It’s Time To Evolve How The UK Procures Offshore Wind
Introducing “Mega-projects” for offshore wind will capture the maximum economic benefits of the sector, address key challenges and bolster the UK’s reputation as a policy innovation powerhouse
The UK has always been at the forefront of innovative policymaking. When the UK government introduced the Contract for Difference (CfD) in 2014 it became a world-leading model for supporting the deployment of renewables at scale, taking offshore wind from a burgeoning technology to a mature market in less than a decade.
As well as securing vital gigawatts of clean, green energy, the CfD also proved highly effective at bringing the price down rapidly year-on-year. This is to be celebrated; an apt demonstration of how government policy can mobilise private investment to provide low cost energy to consumers and create an opportunity for UK supply chain businesses.

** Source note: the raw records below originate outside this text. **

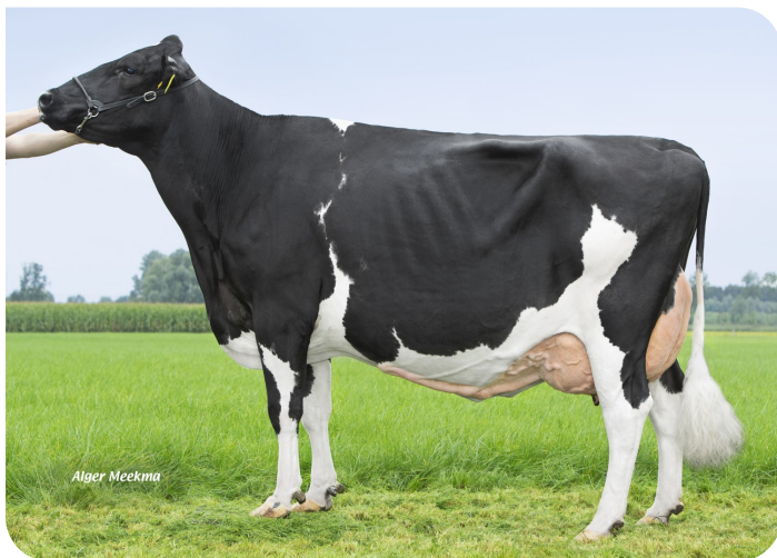
De Nautena Anna 129 (VG 88) (Großmutter von Bianchi)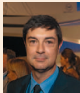
Juan Ávila Francés, Alcalde de Cuenca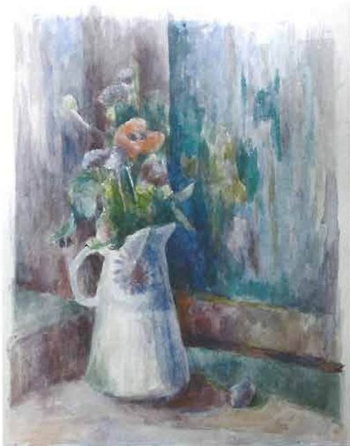
Bokal s poljskim cvijećem, 1950.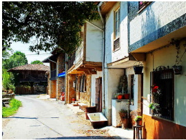
llegando por El Remedio

en el que, si tenemos suerte, podremos ver a algún piragüista entrenando. Aquí habrá que extremar la precaución para compartir este tramo que nos llevará hasta Lieres ya que los habitantes polesos se han quejado innumerables veces de la peligrosidad de algunas bicicletas. Así que respetaremos la señalización horizontal cediéndoles el paso en los puentes para no generar más polémica. Todo este tramo estará regado con verdes praderías, caballos y mucho aire que respirar (aunque la autovía pase cerca).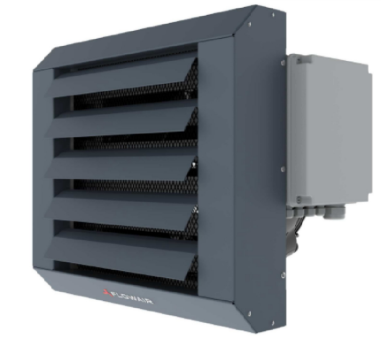
NAGRZEWNICA ELEKTRYCZNA NP. TYP LEO EL S BM F-MY FLOWAIR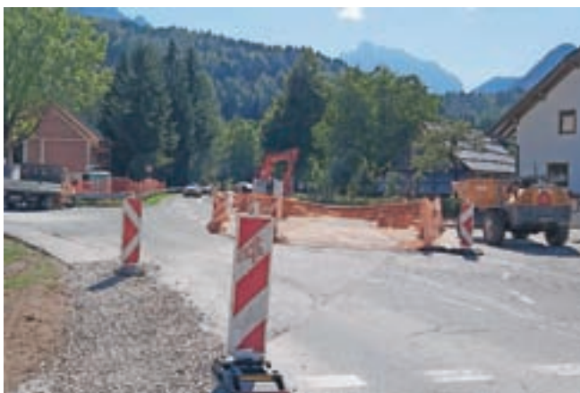
Po sanaciji kanalizacije je predvidena še preplastitev državne ceste.

Občina Kranjska Gora ima v proračunu za leto 2021 načrtovana sredstva za sanacijo fekalne kanalizacije po Vršiški cesti med Borovško cesto in mostom v Jasni. Sanacijo izvaja podjetje Teleg-m iz Ljubljane, strokovni nadzor pri izvajanju del kanalizacije izvaja podjetje T. Medved iz Zbilj. Dela bodo predvidoma zaključili konec oktobra, zatem je s strani Direkcije RS za infrastrukturo na tem mestu predvidena še preplastitev državne ceste. V času izvedbe del je urejena delna zapora, zato vas prosijo za razumevanje in potrpljenje. Dostop do hiš in intervencijske službe je omogočen. S. K.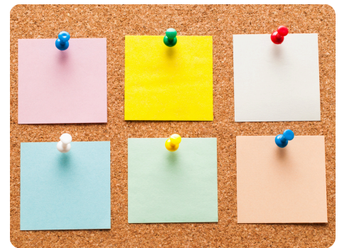
Arbeitsaufträge via Post it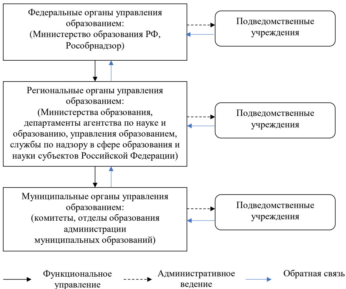
Рисунок 4 – Усовершенствованная модель управления системой образования

Для решения последнего пункта проблем предлагается внедрение усовершенствованной модели управления системой образования в Российской Федерации (рисунок 4).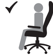
СИДИТЕ НА ВСЕМ СИДЕНИИ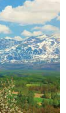
残雪模様 [美瑛町/2017年5月] 大口 芳子(札幌市厚別区) 複雑な残雪模様の山々に抱かれた白い花の咲くころの美瑛です。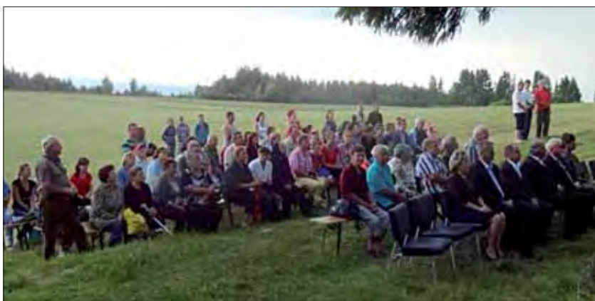
Pád lietadla v Lome nad Rimavicou si prišlo pripomenúť množstvo ľudí.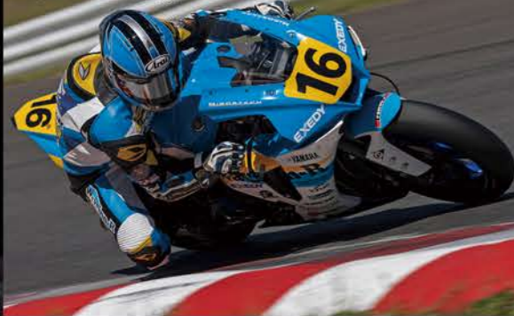
Race1 14位/Race2 15位 #16 WaveinnR 中富 伸一 YZF-R1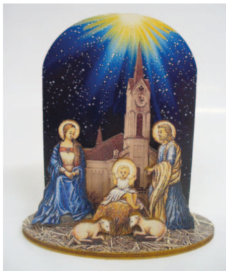
Milevský betlém s kostelem sv. Bartoloměje – tuto novinku pro vás připravili pracovníci Milevského muzea. Kde si ho můžete zakoupit se dozvíte v článku na straně 5.

Uzávěrka lednového čísla Milevského zpravodaje je ve středu 17. prosince 2014. Předem děkujeme za včasné zaslání příspěvků a upozorňujeme na změnu e-mailové adresy Milevského zpravodaje, která je: zpravodaj@milevskem.cz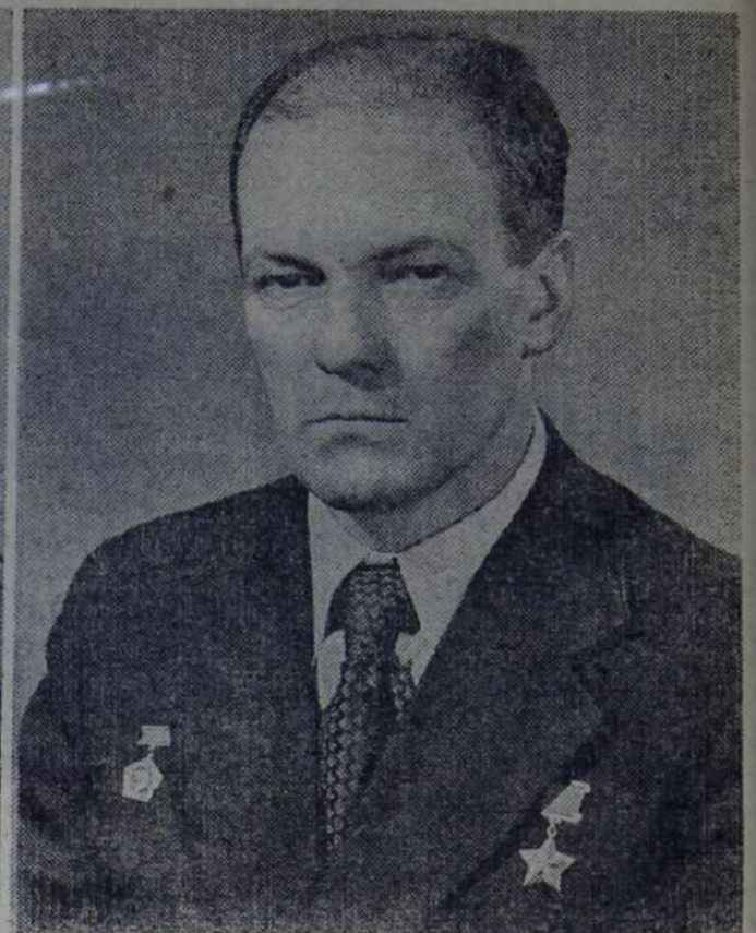
«Союз-16» Николай Николаевич Рукавишников, летчик-космонавт СССР, Герой Советского Союза.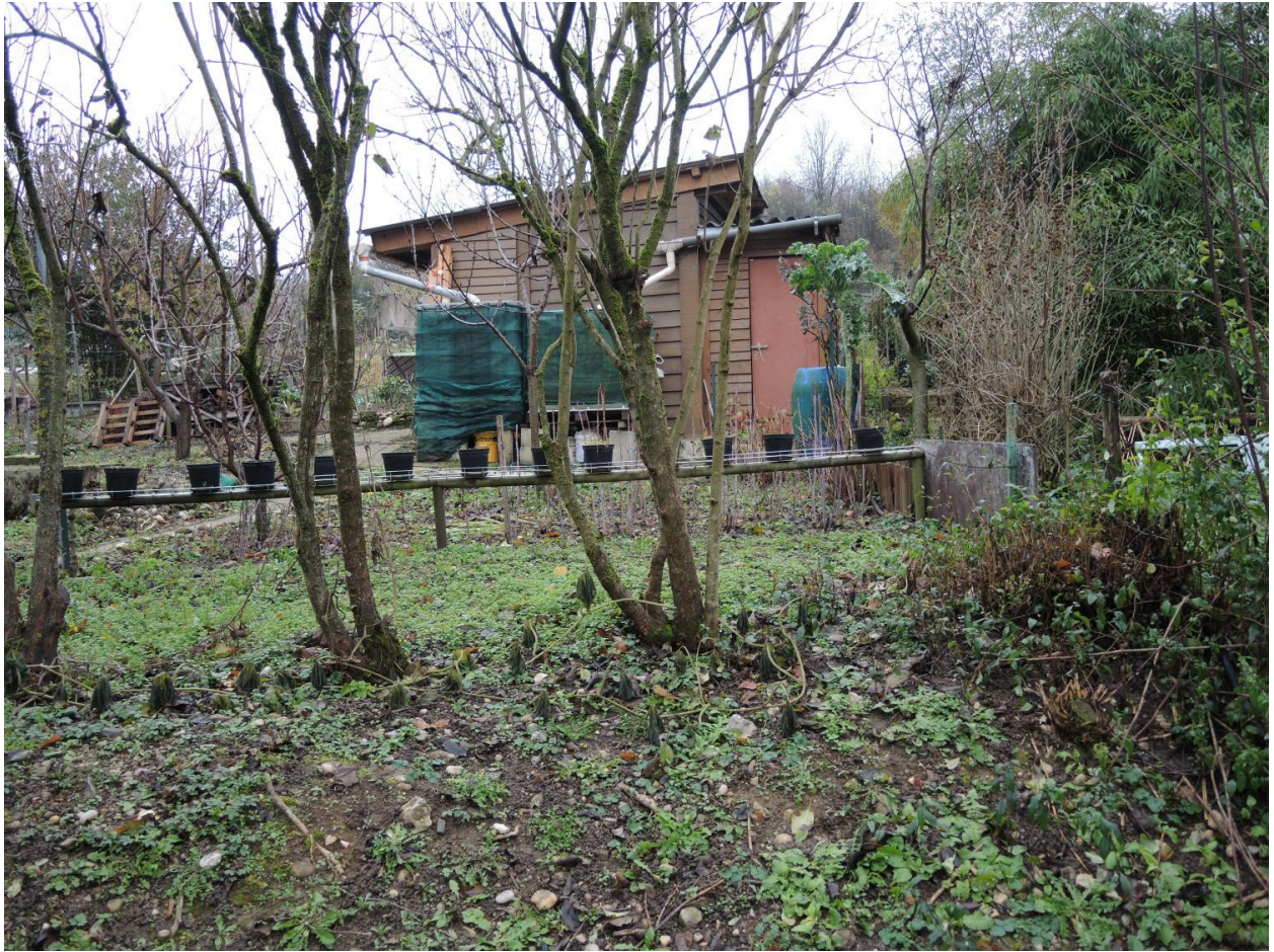
Détail cabane de jardin

However, while CfD auctions have been successful in ratcheting down the costs of energy from offshore wind, this incremental approach, awarding around 3-5 Gigawatts (GW) per year does not create sufficient scale to provide stable supply chain investment or an effective strategic planning backdrop. From a supply chain perspective Turbine OEMs can’t gain sufficient orders in one block to justify opening factories and scale-up businesses receive orders too late or can’t justify investments in new equipment. From a critical infrastructure perspective, strategic planning is a challenge for ports and grid when it is unclear when and where specific large deployments of offshore wind will take place with sufficient notice.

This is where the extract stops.